- Directed by: Emilio Vieyra
- Written by: Philip Kearney Les Rendelstein Emilio Vieyra
- Produced by: Orestes A. Trucco
- Starring: Richard Conte Jorge Rivera López Eddie Pequenino Edmundo Sanders Mónica Cahen D'Anvers
- Cinematography: Aníbal González Paz
- Edited by: Juan Carlos Macías
- Music by: Víctor Buchino
- Production company: Productores Argentinos Asociados
- Distributed by: Productores Argentinos Asociados
- Release date: 1965;
- Running time: 85 minutes
- Countries: Argentina United States
- Languages: English (International Version) Spanish (original language)

= Strange Invasion =

Strange Invasion (Extraña invasión, also known as Stay Tuned for Terror) is a 1965 Argentine-American science fiction film directed by Emilio Vieyra and starring Richard Conte, Jorge Rivera López, Eddie Pequenino, Anna Strasberg and Mónica Cahen D'Anvers. It was written by Philip Kearney, Les Rendelstein and Emilio Vieyra. Adolfo Aristarain was assistant director.

==Plot==

In Clearview, a town in the South of the U.S., strange waves begin to appear on the TV sets, hypnotizing the very young and the very old. Children and old people begin to wander around town in a zombie-like state.

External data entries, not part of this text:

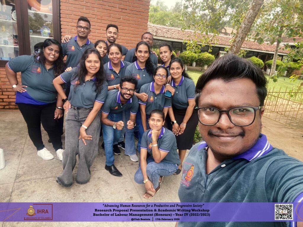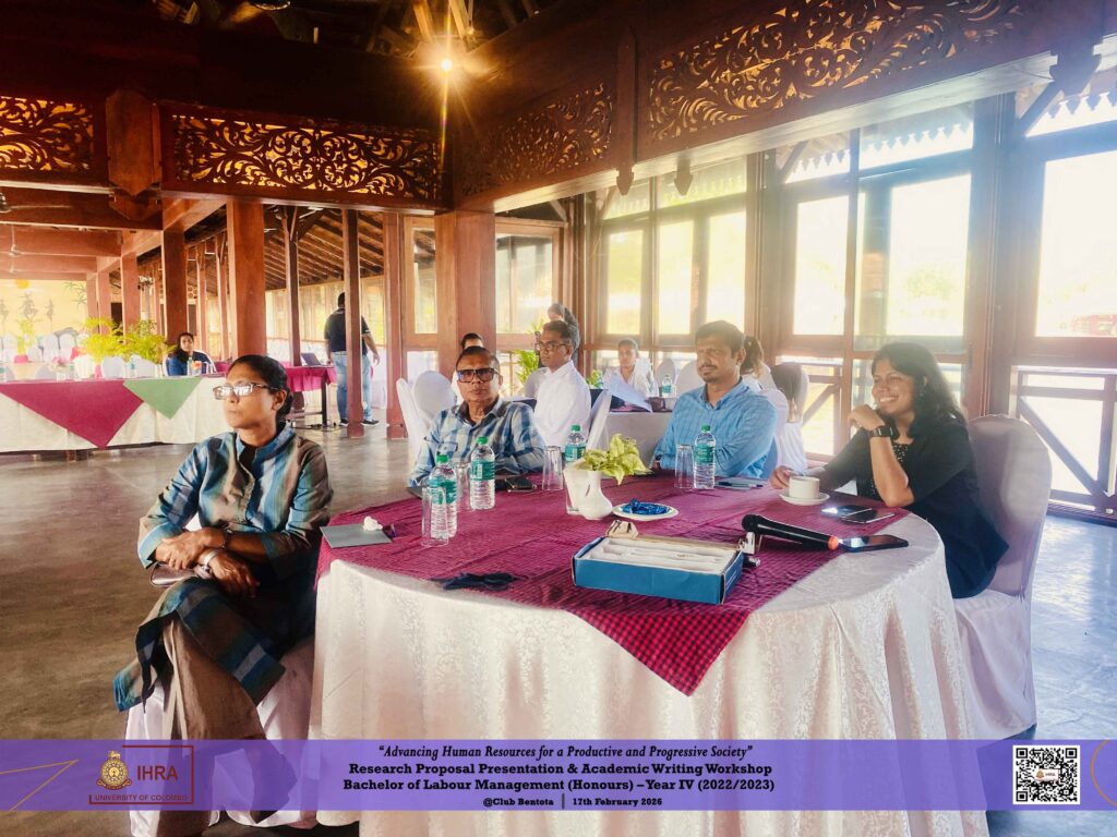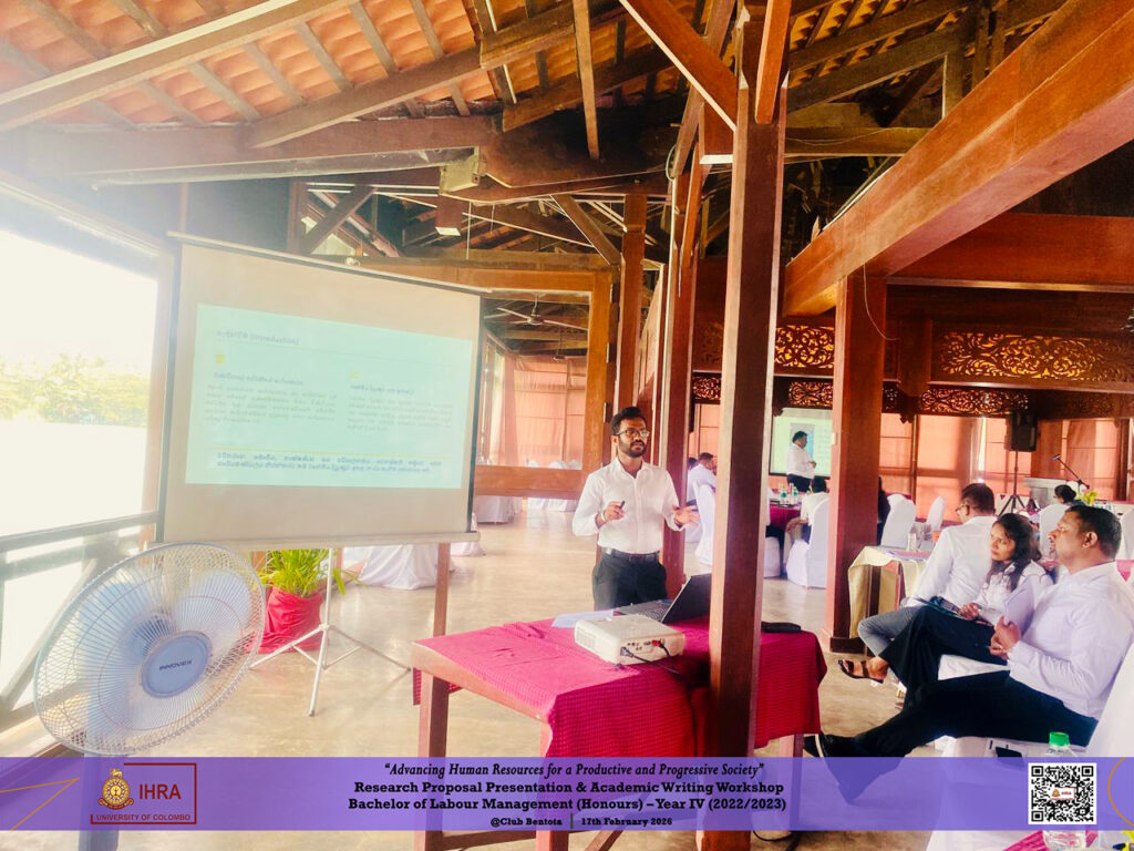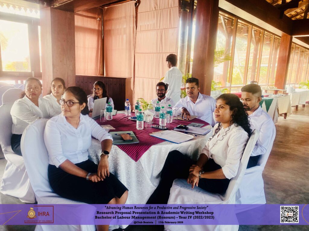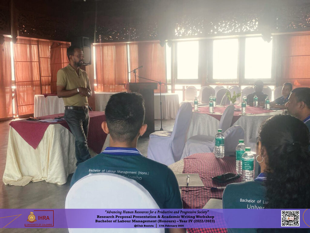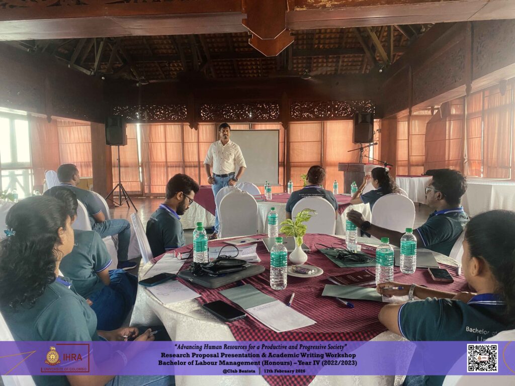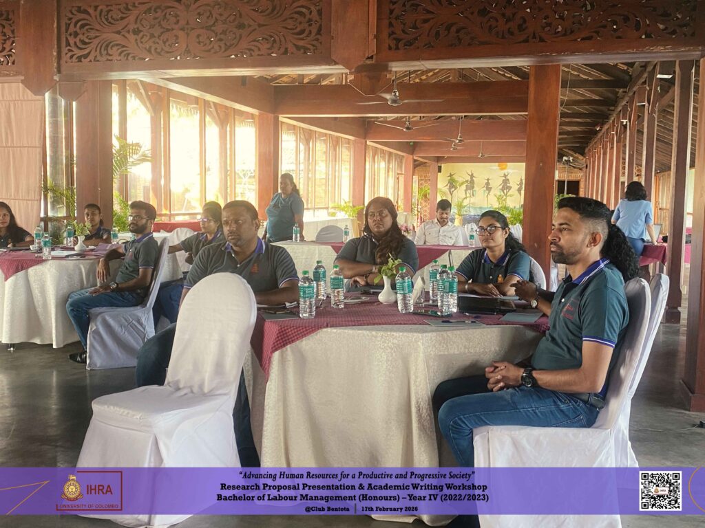 The Institute of Human Resource Advancement (IHRA), University of Colombo, successfully conducted the Research Proposal Presentation and Academic Writing Workshop for the students of Bachelor of Labour Management (Honours) Degree – Year IV (2022/2023) on 17th February 2026 at Club Bentota, Paradise Island, Aluthgama, Sri Lanka.
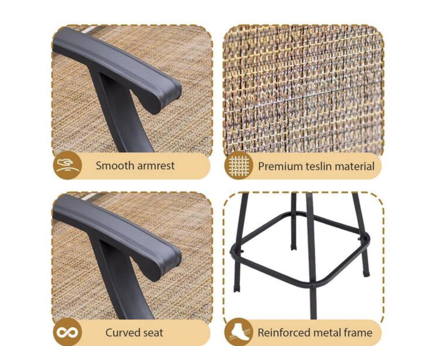 Brand new in box, unassembled, 2-Pieces Metal Textile Outdoor Bar Stool, Brown
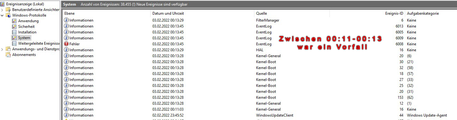 In der Ereignisanzeige finde ich zum PC Freeze auch nichts an Fehlern unter System
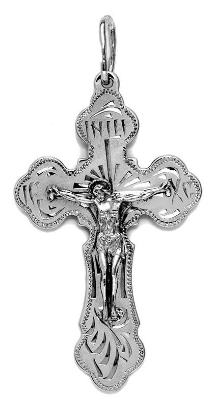 Отличный освященный крестик из серебра 925*, покрытый родием, придется по вкусу любому верующему человеку, имеет государственную ювелирную бирку, что гарантирует долгую службу.

When the signal drops, there is a violent reaction and the army must be called in.

== Cast ==
- Richard Conte
- Jorge Rivera López
- Eddie Pequenino
- Eduardo Muñoz
- Anna Strasberg (as Anna Mizrahi)
- Ignacio de Soroa
- Sergio Vandes
- Edmundo Sanders
- Susana Beltrán
- Emilio Vieyra
- Mónica Cahen D'Anvers (as Monica Mihánovich)

==Production==
Except for the opening scene, the film was filmed in Ciudad Jardin.